Presentation on theme: "Gerunds, Infinitives, and Participles. Oh my! What the heck are these things? What do they do? Why are we do we need to learn about them?"— Presentation transcript:
Gerunds, Infinitives, and Participles. Oh my! What the heck are these things? What do they do? Why are we do we need to learn about them?
Verbals Gerunds, participles, and infinitives are all verbals. Words or phrases formed from verbs, verbals are used as another part of speech (noun, adjective, adverb).
Gerund Gerunds are formed by adding –ing to a verb and function as a noun. Reading is my favorite pastime. (subject) I enjoy reading. (direct object) A love of reading will result in a lifetime of learning. (object of the preposition) Ill give reading a chance this year. (indirect object) My favorite pastime is reading. (subject complement)
Participle Participles are formed by adding –ing, -en, or –ed to a verb. They function as adjectives. The frightened puppy cowered in the corner. A thunderstorm can be a frightening experience for young children. The spoken word lingers in the mind long after it has faded from the ear. All of the red words are participles, and they are all working as adjectives. What are they modifying/describing?

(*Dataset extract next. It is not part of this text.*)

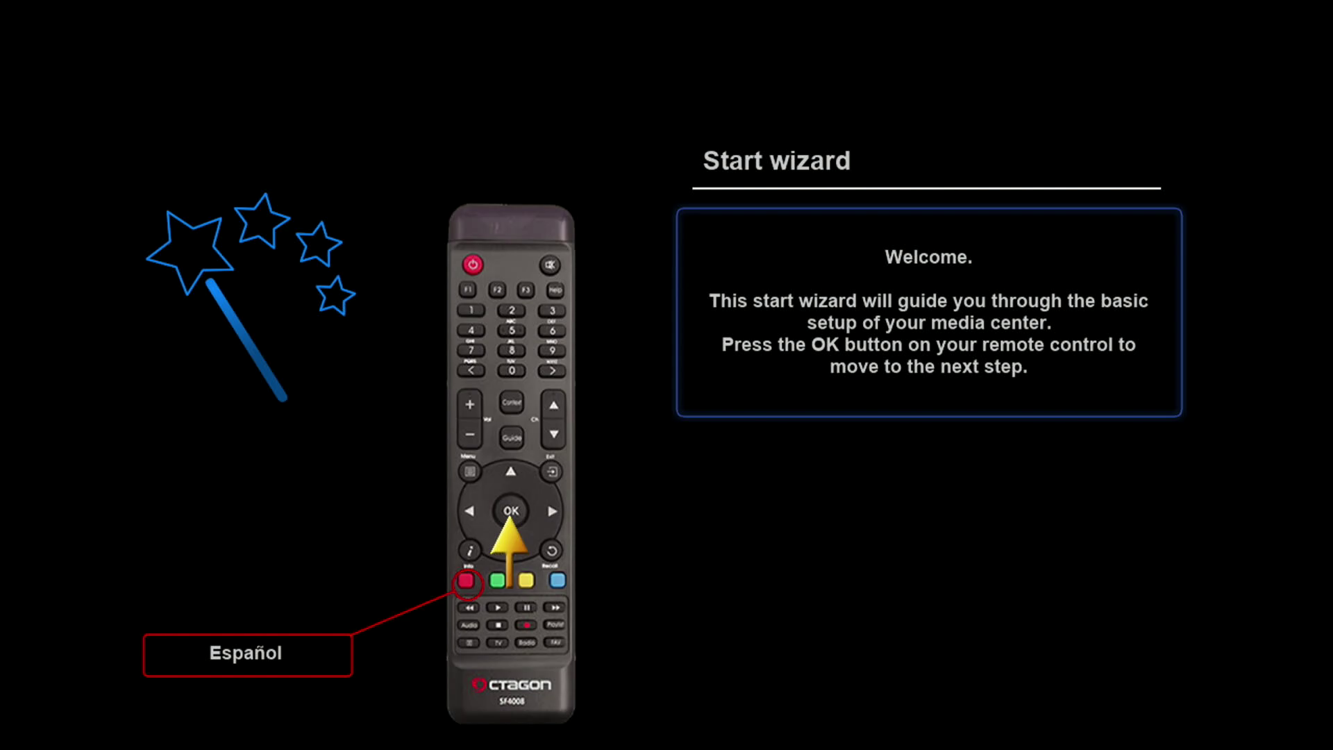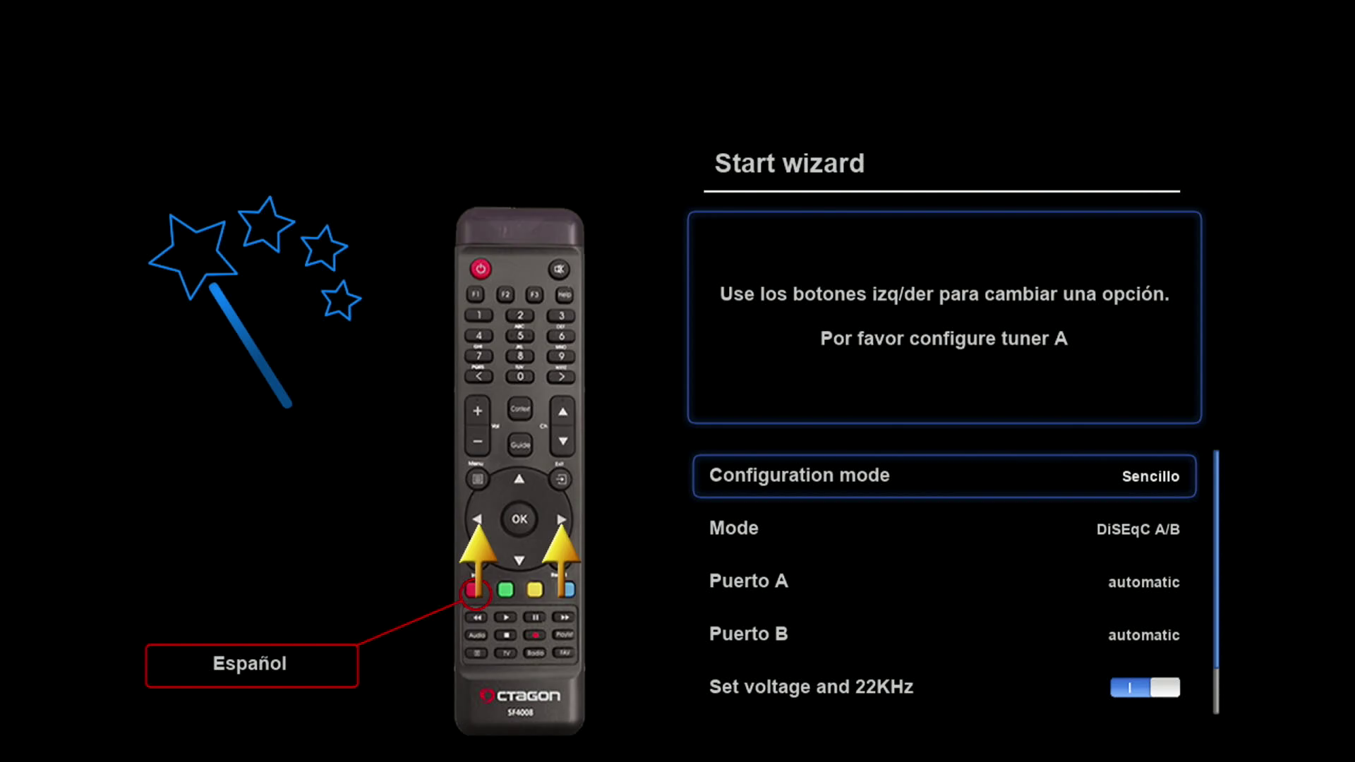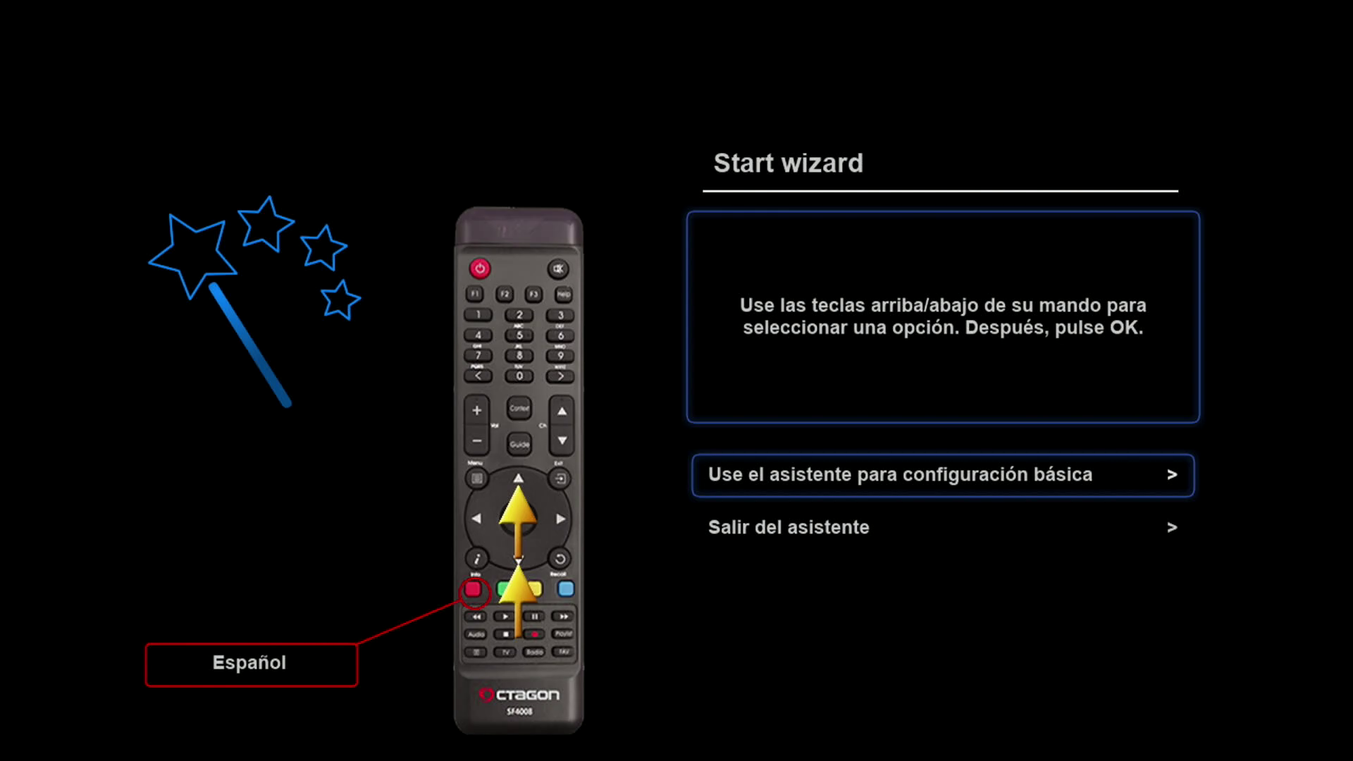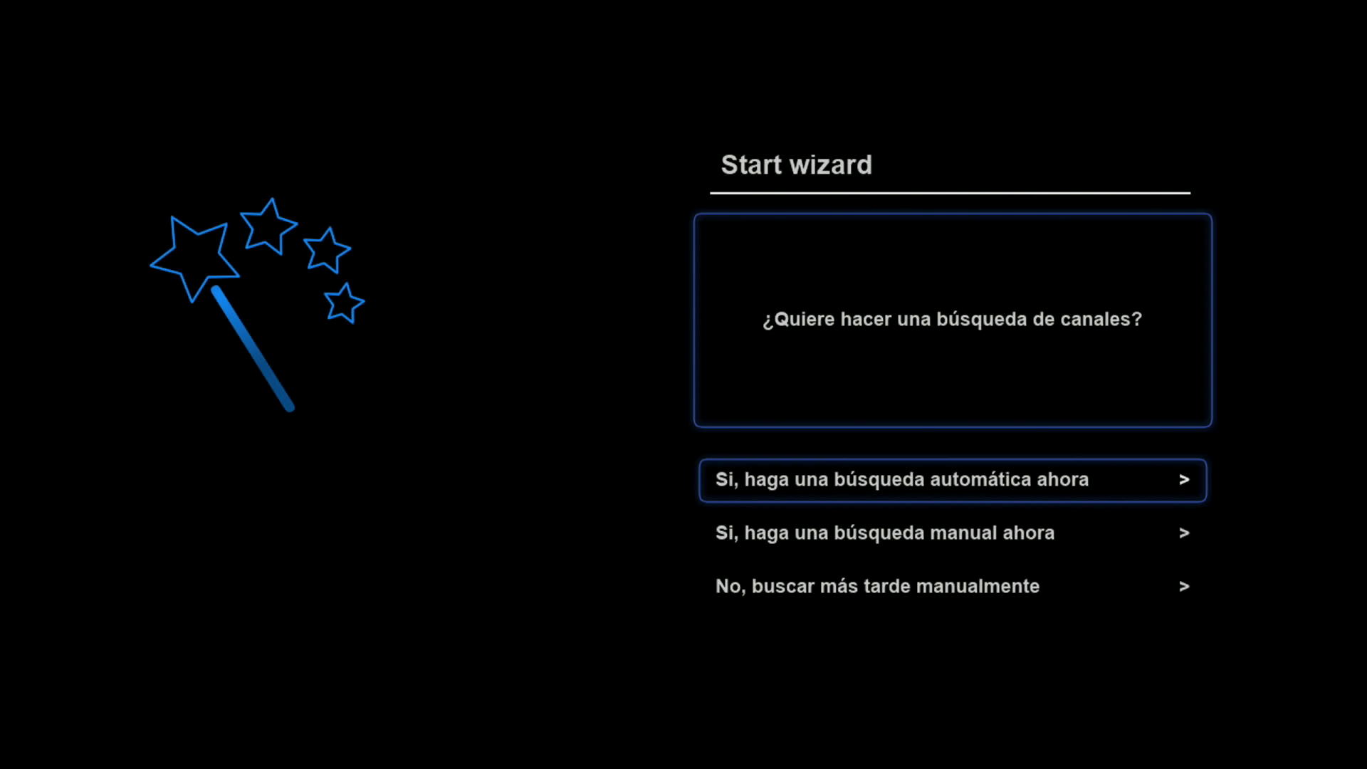 Tras realizar la primera instalación de rudream, nuestro receptor arrancara con un wizard de configuracion, para realizar una primera configuracion básica del mismo (las configuraciones realizadas, si queremos pueden ser modificadas posteriormente en los distintos menus de la imagen)

Infinitive Infinitives are formed by adding to to a verb. Infinitives can function as a noun, adjective, or adverb. He lacked the strength to resist. (adjective) We must study to learn. (adverb) To wait seemed foolish when action was clearly in order. (noun / subject) He wants to dance. (noun / direct object) His dream is to sing. (noun / subj. complement)
Phrases When words are added to the gerund, participle, or infinitive in order to complete the idea, its called a phrase: gerund phrase, participial phrase, infinitive phrase. Listening to her iPod at full volume, Caroline failed to hear the blaring horn of the approaching bus. What kind of phrase is hi-lighted in orange? What is its function in the sentence? Can you identify any other verbals in this sentence?
Listening to her iPod at full volume, Caroline failed to hear the blaring horn of the approaching bus. Ask yourself, What is this phrase doing in the sentence? Its describing or telling us something about Caroline, a person, a noun so its working as AN ADJECTIVE! So we know its… A PARTICIPIAL PHRASE!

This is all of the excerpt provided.